How can you collect data?

 

Generating Data as a By-Product of Operations

Much of the data collected by organizations is generated as a by-product of day-to-day operations. This fact brings with it the interesting implication that, because data is not created for a specific use, it is often most valuable in parts of the organization or even in industries different from their place of creation. -> share data, collaborate and connect! (Not only to utilise the value of data but also, in first instance, to understand where it is valuable.)


Web Scraping

Much of the public information on the Internet can be scraped, i.e. the text can be automatically “downloaded” from websites. (If you right click on a website and “inspect”, you can see its source code which you can then copy or build a software to copy from multiple pages.) Sophisticated websites tend to prevent web scraping and there is a debate around the legality of web scraping and usage of scraped data. Nonetheless, many organizations have scraped a high volume of data, which you can find on Common Crawl, for example:

Offering a Service

Many tech firms offer services for free, in part to collect data. This is a common way for startups, for example, to overcome the barrier to entry of not having customer data. We can think of Google offering the search engine to collect data on customers’ interests and preferences which are then sold to advertisers. Retailers might offer an online shopping service in order to, amongst other things, measure their customers purchasing behaviour which can then also be used also to improve the offline shopping experience.

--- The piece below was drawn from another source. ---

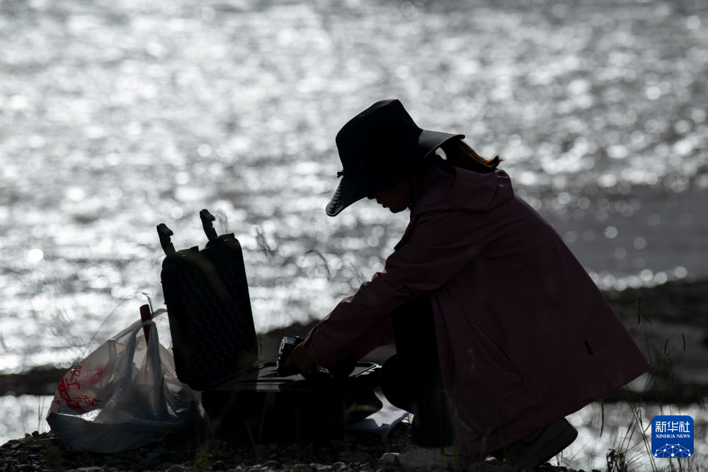 7月23日,長江科學(xué)院河流研究所的劉玉嬌(中)在聶洽曲收納采集的樣品。新華社 杜笑微 攝

Hiring Humans to Label Data

Due to the prevalence of unstructured data (e.g. images, text), the need to label data often arises in order to structure the data in a useful format. There are many websites, such as Amazon Mechanical Turk, Appen or freelancer, where one can easily hire humans to label data.


Buying Data from Provider

While a firm's own data is often its most valuable, combining data with other data sets often creates value. There are many data providers of various sorts in all industries.


Sharing Data

Firms can create data by sharing data privately with (alliance) partners or publicly with the crowd.

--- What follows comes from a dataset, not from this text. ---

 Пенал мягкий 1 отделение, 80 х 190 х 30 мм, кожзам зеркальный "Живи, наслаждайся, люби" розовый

  • Public sharing may be particularly beneficial on certain platforms. A firm may create a competition on InnoCentive or Kaggle where sharing data may lead to innovative, crowd-sourced ideas. NASA is an example of an organization that has embraced open innovation and experimented with various formats. A recent scientific study (Lifshitz-Assaf, 2018) examined NASA's experiment in 2009 where they shared their strategic R&D challenges with the public. The research showed that the open model led to a scientific breakthrough at unprecedented speed using unusually limited resources; yet it also challenged the professional identity of existing R&D professionals. Transparency may generally reveal potential uncommon partners which can advance innovative efforts (Shipilov & Furr, 2018).

  • As mentioned above, since data is often generated as a by-product of operations, it is often mutually advantageous to organizations to privately share data with one another.


Using Data from Governments

Data is available from a range of institutions including governments, universities, think tanks and NGOs. Open Government Data is a philosophy that promotes transparency and accountability. Notable open data initiatives include those in Korea, France and the United States.


Retrieving Data from Cloud Providers

Many Cloud providers also provide public data repositories, such as Google Public Datasets or AWS Public Datasets.


Producing Data with Computers

Computer-generated data comes from simulations, such as games created or images changed by the computer. For example, Alpha Go 0 generated its own data by playing Go games against itself.

Where does your data come from?